I’m a lawyer. I confess that math was never my strong suit, and I figured that law school would keep me safe from it.
I did, however, pick up on some of the more basic concepts—like greater than or less than, and more versus less.
Surely, we can all agree on the basic math supporting the following statements:
- For the more than 100,000 children waiting to be adopted in America, more adoption agencies to help with placing them means a greater opportunity to find a forever home.
- For the countless moms wrestling over whether to place their child up for adoption, more adoption agencies to choose from means greater opportunities to find one that will walk with her compassionately through that difficult decision, stick with her afterward, and align with her values, beliefs, and hopes for her child.
- For the children who are most difficult to place—the severely abused, older children, and those with special needs—more adoption agencies to help place them means a greater opportunity to find a family.
Sadly, many on the far left don’t seem to agree with this basic math—or worse, if they do, they don’t seem to care.
One of their latest strategies is an attempt to shut down faith-based adoption agencies. The result is indeed a dangerous numbers game, but the victims ultimately will be the 100,000 children waiting to be adopted and the birth moms looking for a placement agency to meet their needs.
The left is targeting faith-based adoption agencies because they—no surprise—tend to operate their adoption ministries according to their faith. In fact, it is usually their faith that inspires them to serve children and moms in need, and to work for a private, faith-based agency, usually earning less than their state-employed counterparts, in the first place.
Faith-based agencies typically place children in homes where their faith teaches them that children will best thrive—homes with a married mother and father.
Moms usually select faith-based agencies to work with because they want their child placed in a home that aligns with their faith, or because the agency was the one that took the time to really listen and walk with them through a difficult time.
The left believes these agencies shouldn’t be permitted to operate according to their faith. Instead, they should place children with same-sex couples or even transgender individuals—regardless of what may be best for the child, the birth mother’s wishes, or the agency’s religious beliefs.
So, they are attempting to pass laws or regulations in the states that would force faith-based agencies to shut down or else violate their faith.
Several states have already worked to pass laws specifically protecting faith-based adoption agencies, including Alabama, Michigan, South Dakota, and Texas. Georgia and Kansas are considering similar bills this year.

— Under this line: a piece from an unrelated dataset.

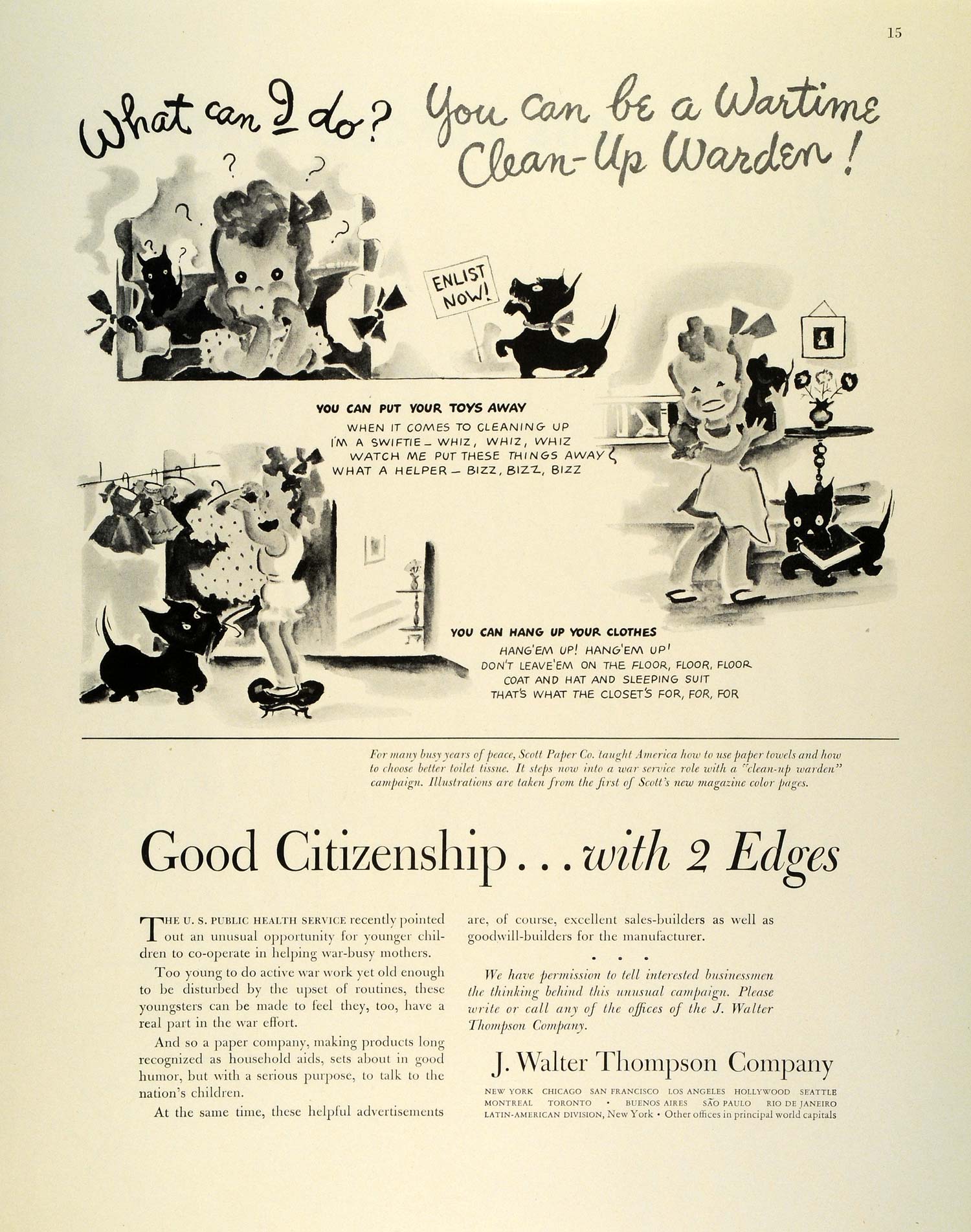 This is an original 1942 World War II black and white print ad from the J. Walter Thompson Company, encouraging American children to do their part as "Clean-Up Wardens."

One bill, the Child Welfare Provider Inclusion Act, has even been introduced at the federal level by Rep. Mike Kelly, R-Pa., and Sen. Mike Enzi, R-Wyo., to protect faith-based agencies.
The Family Policy Alliance will continue to work toward each state protecting its faith-based adoption providers, and we hope you will join us.
With more than 100,000 children waiting to be adopted in America, each state averages 2,000 children waiting for a forever family.
If the left succeeds in its latest tactic, the results will be simple math:
- Even more children on the waiting list to find forever homes.
- Far fewer opportunities for birth moms to find an agency that will meet her needs.
- Far fewer opportunities for difficult-to-place children to find families, especially since faith-based agencies often specialize in placing these children.
If the left succeeds in shutting down faith-based adoption centers, the reality is that men and women who have a heart for serving these children and moms in need will find another way to do so through their church or community.
In an attempt to “punish” faith-based providers for their beliefs, the left will ultimately end up punishing the many children and birth moms in need—in your state, and every state.
It’s a numbers game, but it literally comes at the cost of the orphans we’ve been tasked with caring for as believers.